Camouflage is all you need: Evaluating and Enhancing Language Model Robustness Against Camouflage Adversarial Attacks

Adversarial attacks represent a substantial challenge in Natural Language Processing (NLP). This study undertakes a systematic exploration of this challenge in two distinct phases: vulnerability evaluation and resilience enhancement of Transformer-based models under adversarial attacks. In the evaluation phase, we assess the susceptibility of three Transformer configurations, encoder-decoder, encoder-only, and decoder-only setups, to adversarial attacks of escalating complexity across datasets containing offensive language and misinformation. Encoder-only models manifest a 14% and 21% performance drop in offensive language detection and misinformation detection tasks, respectively.
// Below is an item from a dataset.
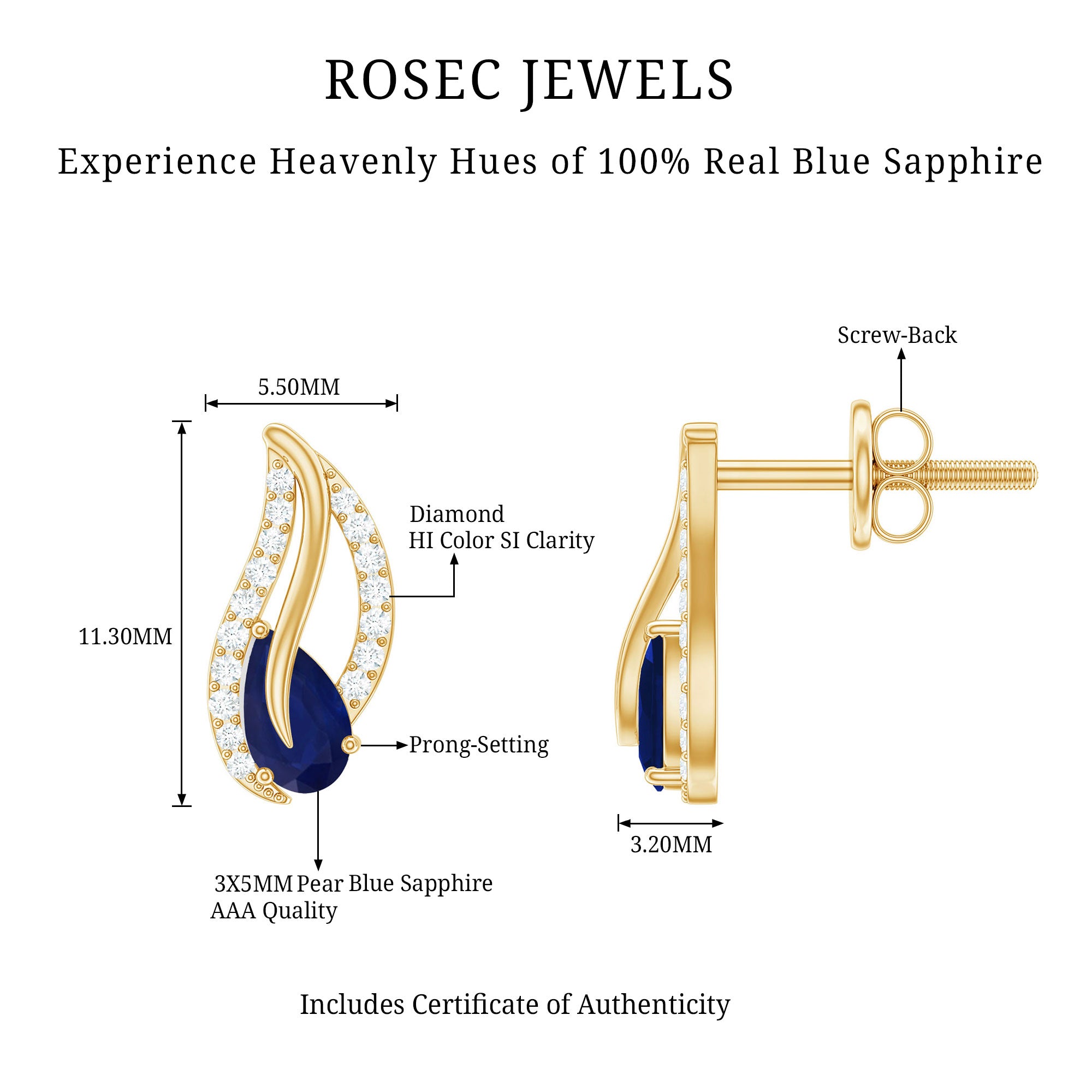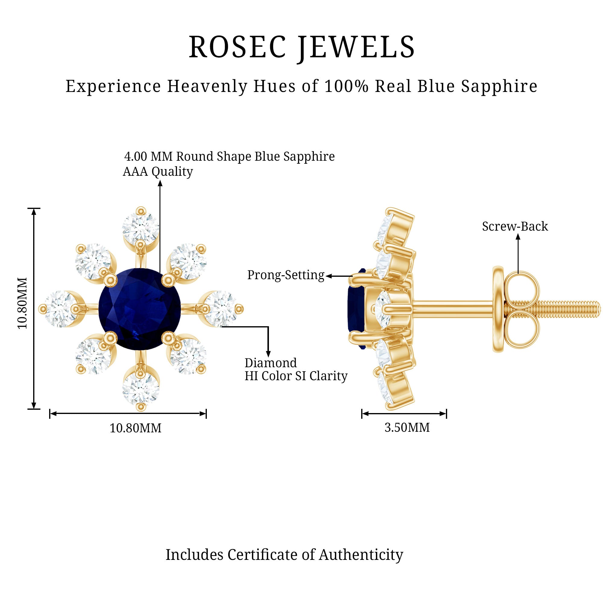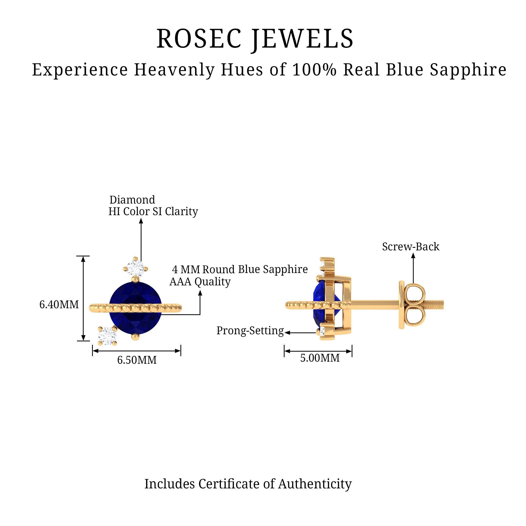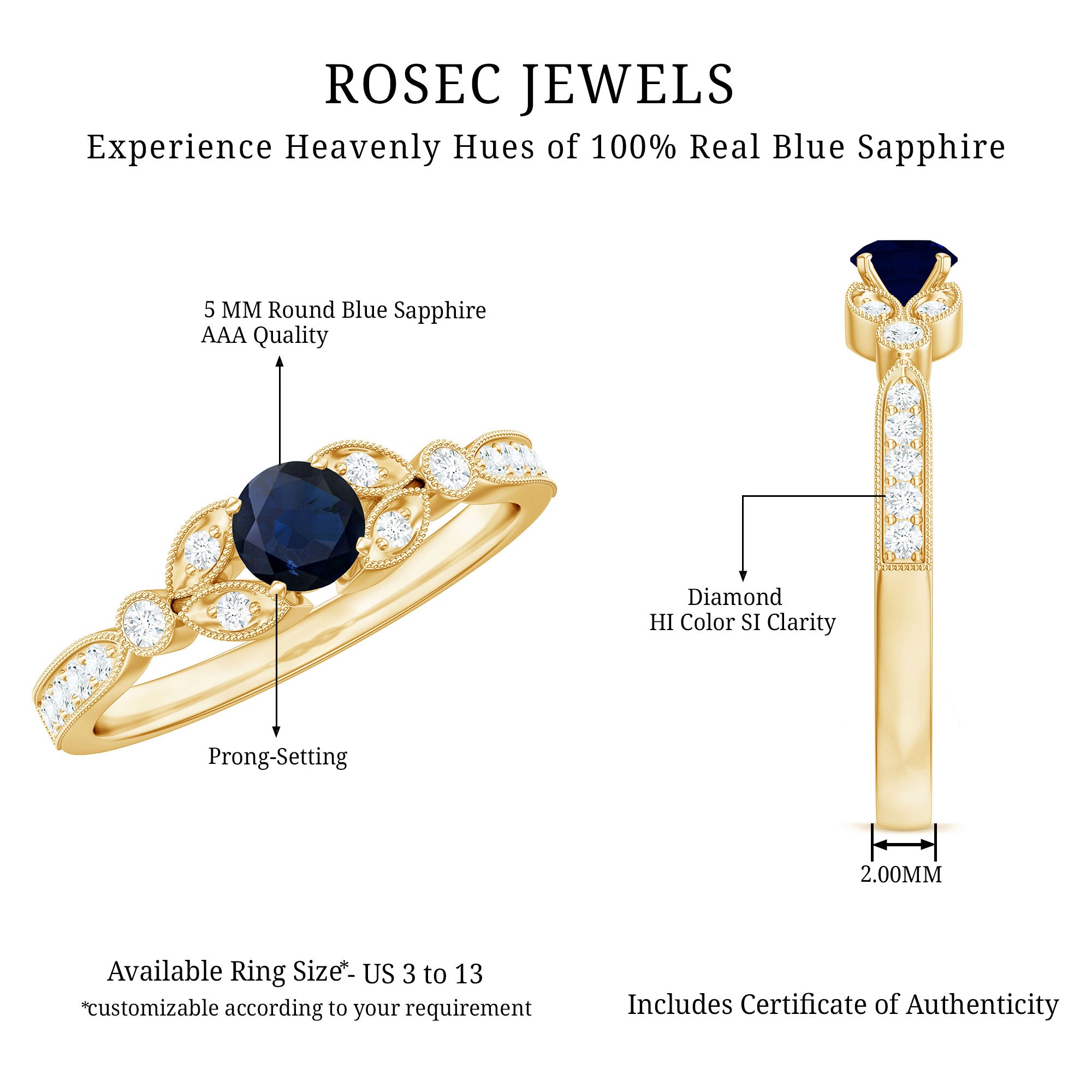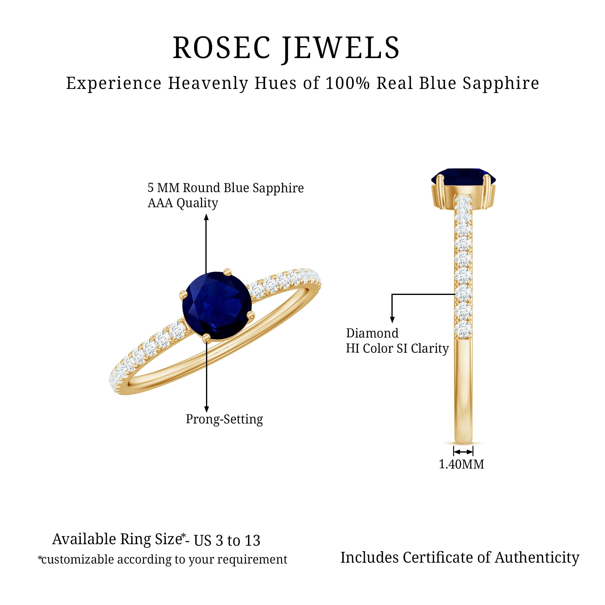 • Yellow Gold: - Being precious, yellow gold offers a warm and sophisticated look when used to craft enduring sapphire jewelry. At Rosec Jewels, you can buy the sapphire jewelry set of 10k, 14k, and 18k yellow gold.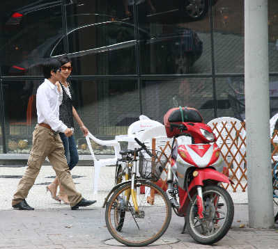 车到了餐厅门口,杨恭如先下了车,当时杨子正在打电话,所以他命令助手为杨恭如先开门,非常贴心。而杨恭如昨天以短发造型出现,并且戴着墨镜。下车后她不避嫌地与杨子并排走,杨子的保镖紧随两人身后。这个场景以前经常出现在杨子和黄圣依甜蜜逛街时,只是这次的女主角换成了杨恭如。两人边走边聊,杨恭如笑得很开心,记者尾随其后时听到杨子不断在讲笑话来取悦杨恭如。进入餐厅后,两人找了一个角落的二人桌,坐下来喝下午茶。大约一个多小时后,两人一起离开。

Decoder-only models register a 16% decrease in both tasks, while encoder-decoder models exhibit a maximum performance drop of 14% and 26% in the respective tasks. The resilience-enhancement phase employs adversarial training, integrating pre-camouflaged and dynamically altered data. This approach effectively reduces the performance drop in encoder-only models to an average of 5% in offensive language detection and 2% in misinformation detection tasks. Decoder-only models, occasionally exceeding original performance, limit the performance drop to 7% and 2% in the respective tasks. Although not surpassing the original performance, Encoder-decoder models can reduce the drop to an average of 6% and 2% respectively. Results suggest a trade-off between performance and robustness, with some models maintaining similar performance while gaining robustness. Our study and adversarial training techniques have been incorporated into an open-source tool for generating camouflaged datasets. However, methodology effectiveness depends on the specific camouflage technique and data encountered, emphasizing the need for continued exploration.

翻译：对抗攻击是自然语言处理（NLP）领域面临的重大挑战。本研究分两个阶段系统探索该挑战：基于Transformer的模型在对抗攻击下的脆弱性评估与鲁棒性增强。在评估阶段，我们考察了三种Transformer架构（编码器-解码器、仅编码器、仅解码器）在包含攻击性语言和虚假信息的数据集中，对复杂度递增的对抗攻击的敏感性。仅编码器模型在攻击性语言检测和虚假信息检测任务中性能分别下降14%和21%；仅解码器模型两项任务均下降16%；编码器-解码器模型在相应任务中最大性能下降幅度分别为14%和26%。鲁棒性增强阶段采用对抗训练，融合预伪装与动态扰动数据。该方法将仅编码器模型的性能下降有效控制在攻击性语言检测平均5%、虚假信息检测平均2%；仅解码器模型偶尔超越原始性能，将两项任务性能下降限制在7%和2%；编码器-解码器模型虽未超越原始性能，但可将下降幅度分别降至平均6%和2%。结果表明性能与鲁棒性存在权衡，部分模型在维持相近性能的同时提升了鲁棒性。本研究及对抗训练技术已整合至开源工具中用于生成伪装数据集。然而方法有效性取决于具体伪装技术及实际数据，凸显持续探索的必要性。